Tang Hao, Liu Dong, Qi Hai-Feng, Liang Ze-Ping, Zhang Xiu-Zhu, Jiang Dong-Po, Zhang Lian-Yang
Trauma Center, State Key Laboratory of Trauma, Burns and Combined Injury, Institute of Surgery Research, Daping Hospital, Third Military Medical University, Chongqing 400042, China.
Trauma Center, State Key Laboratory of Trauma, Burns and Combined Injury, Institute of Surgery Research, Daping Hospital, Third Military Medical University, Chongqing 400042, China.
Chin J Traumatol. 2018 Feb;21(1):20-26. doi: 10.1016/j.cjtee.2017.08.008. Epub 2018 Jan 31.
To evaluate the effect of retention sutures on abdominal pressure and postoperative prognosis in abdominal surgery patients.
This prospective cohort study included patients who were admitted to Daping Hospital from May 15, 2014 to October 11, 2014. A total of 57 patients were enrolled, including 18 patients in the "U" type retention suture group, 17 patients in the intermittent retention suture group, and 22 patients in non-retention suture group. The demographic data, clinical data and risk factors for abdominal wound dehiscence were recorded. The bladder pressure (IVP) was monitored preoperatively, intraoperatively, and four days postoperatively. Additionally, the incidence of abdominal wound dehiscence and infection 14 days after the operation was recorded.

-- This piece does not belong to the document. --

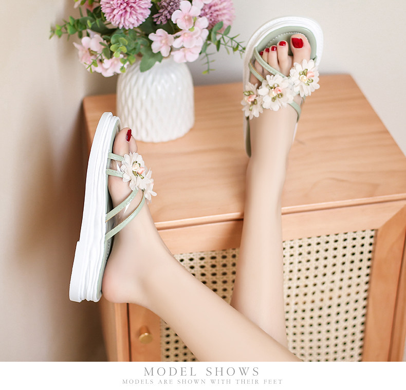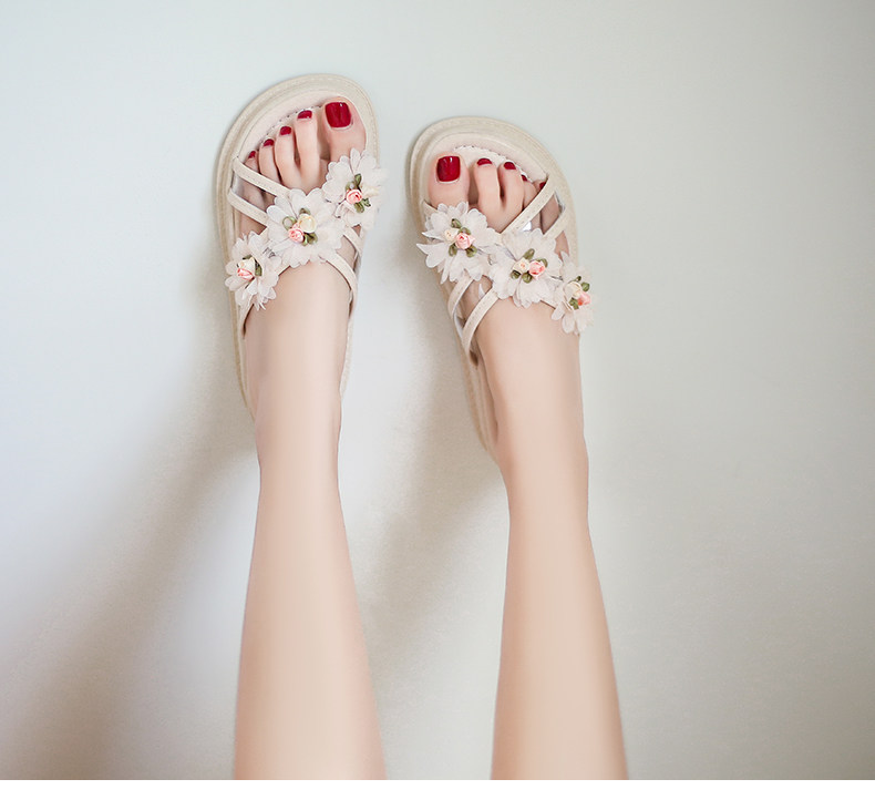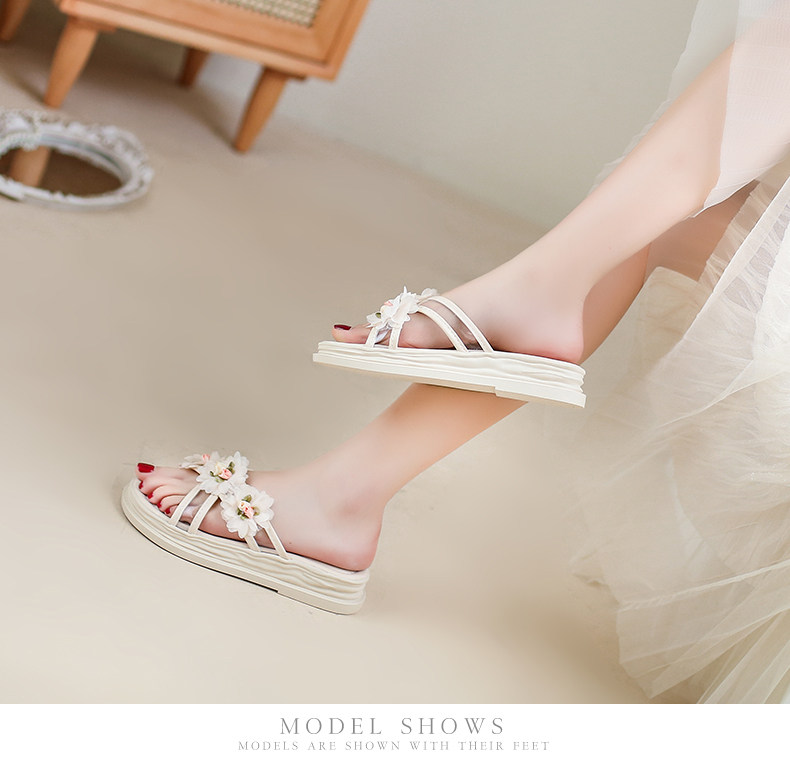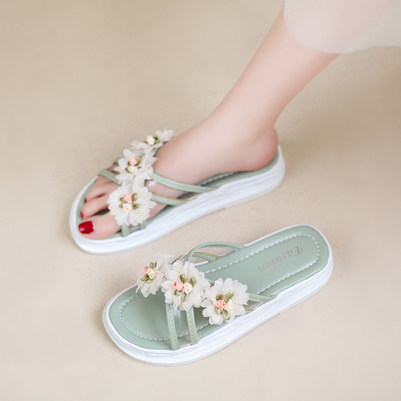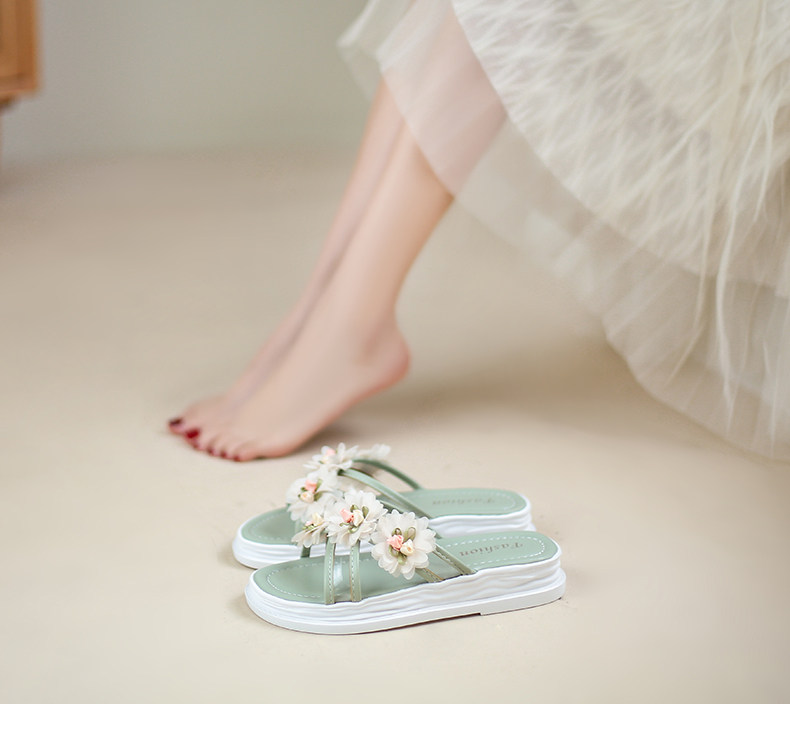 Тапочки, обувь, милая свежая пляжная подходит с юбкой на платформе, слайдеры, коллекция 2022, в цветочек

During the operation, the IVP decreased and then increased; it was at its lowest 1 h after the start of the operation (5.3 mmHg ± 3.2 mmHg) and peaked after tension-reducing (8.8 mmHg ± 4.0 mmHg). The IVP values in the "U" type retention suture group and intermittent retention suture group were higher than in the non-retention suture group 4 days after operation (p < 0.005). The Visual Analogue Scale (VAS) pain scores were 3.9 ± 2.2, 3.8 ± 2.0, and 3.0 ± 1.0 in the retention suture group, intermittent retention suture group and non-retention suture group, respectively. The VAS pain scores in the "U" type tension-reducing group and intermittent tension-reducing group were higher than in the non-tension-reducing group (p < 0.005).
Although retention sutures may reduce the incidence of postoperative wound dehiscence in abdominal surgery patients, they can increase the IVP and postoperative pain.
评估腹部手术患者中保留缝线对腹内压及术后预后的影响。
这项前瞻性队列研究纳入了2014年5月15日至2014年10月11日入住大坪医院的患者。共纳入57例患者,其中“U”型保留缝线组18例,间断保留缝线组17例,非保留缝线组22例。记录人口统计学数据、临床数据及腹部伤口裂开的危险因素。术前、术中及术后4天监测膀胱压力(IVP)。此外,记录术后14天腹部伤口裂开及感染的发生率。
手术过程中,IVP先降低后升高;在手术开始后1小时最低(5.3 mmHg ± 3.2 mmHg),在减张后达到峰值(8.8 mmHg ± 4.0 mmHg)。术后4天,“U”型保留缝线组和间断保留缝线组的IVP值高于非保留缝线组(p < 0.005)。保留缝线组、间断保留缝线组和非保留缝线组的视觉模拟评分(VAS)疼痛评分分别为3.9 ± 2.2、3.8 ± 2.0和3.0 ± 1.0。“U”型减张组和间断减张组的VAS疼痛评分高于非减张组(p < 0.005)。
虽然保留缝线可能降低腹部手术患者术后伤口裂开的发生率,但会增加IVP及术后疼痛。